Plans Never Err
| 348 wordsI once tried to make sous vide mashed potatoes, where potatoes are cooked without introducing water. When I went to cook the potatoes, the sous vide machine broke. I boiled the potatoes instead, but I still added the same amount of butter as the original recipe called for. Since boiling introduces water, the result was buttery goop.
When I planned to make mashed potatoes, I assumed the sous vide machine worked. When it didn’t, I replaced the broken step. I forgot that not introducing water was important. I didn’t know which properties of the original step were important to preserve. My false assumption had global consequences, so my local fix did not succeed.
No plan survives contact with the enemy.
All plans inevitably fail. That does not make planning a useless exercise. What makes a plan useless is if it has no contingency for failure. This must be fixed; a simple patch is including “make a new plan” as part of your plan. This is the minimum necessary work to have a plan at all. Any minimally adequate plan makes no errors.
All plans implicitly assume the world operates in a given way. As soon as your plan fails a single time, this invalidates one of the assumptions that went into your plan. Any failure, even a tiny one, means you believed something false about the world when the plan was originally created. If a plan fails anywhere, it’s useless everywhere.

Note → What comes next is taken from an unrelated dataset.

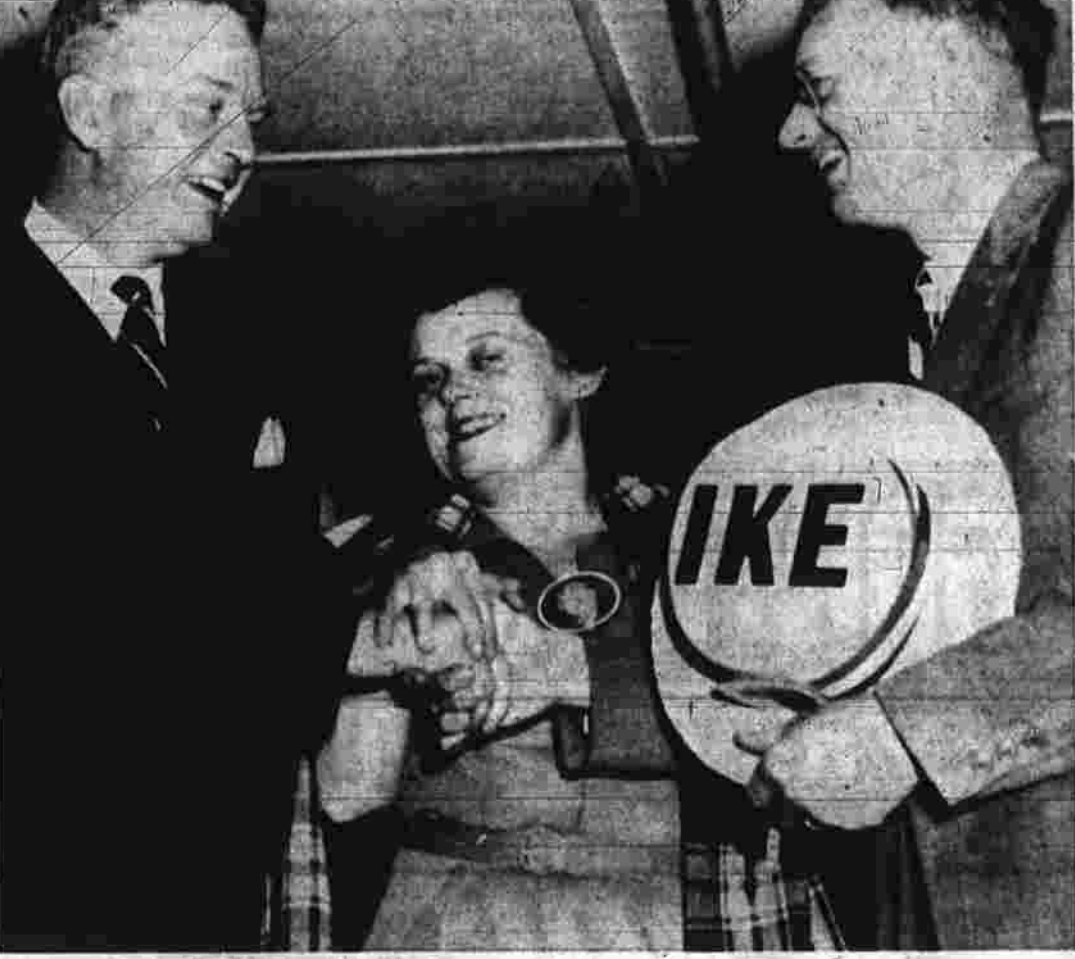
Senators and House members in the Capitol building today were greeted by a cheering throng of supporters.

If you were clever, you included contingencies. You can assume less by having conditionals: “Do A. If B happens, then do C; if D happens, do E; else, re-plan.”
If you were not clever, then you didn’t include contingencies. You only have expectations. As soon as those expectations are violated, you must re-plan.
If you were extremely not clever, you didn’t even have expectations. Your plan is just a list of actions. Unless you are good at modeling the world, you are already doomed.
Reality is your enemy. No plan survives. Learn to build from the wreckage.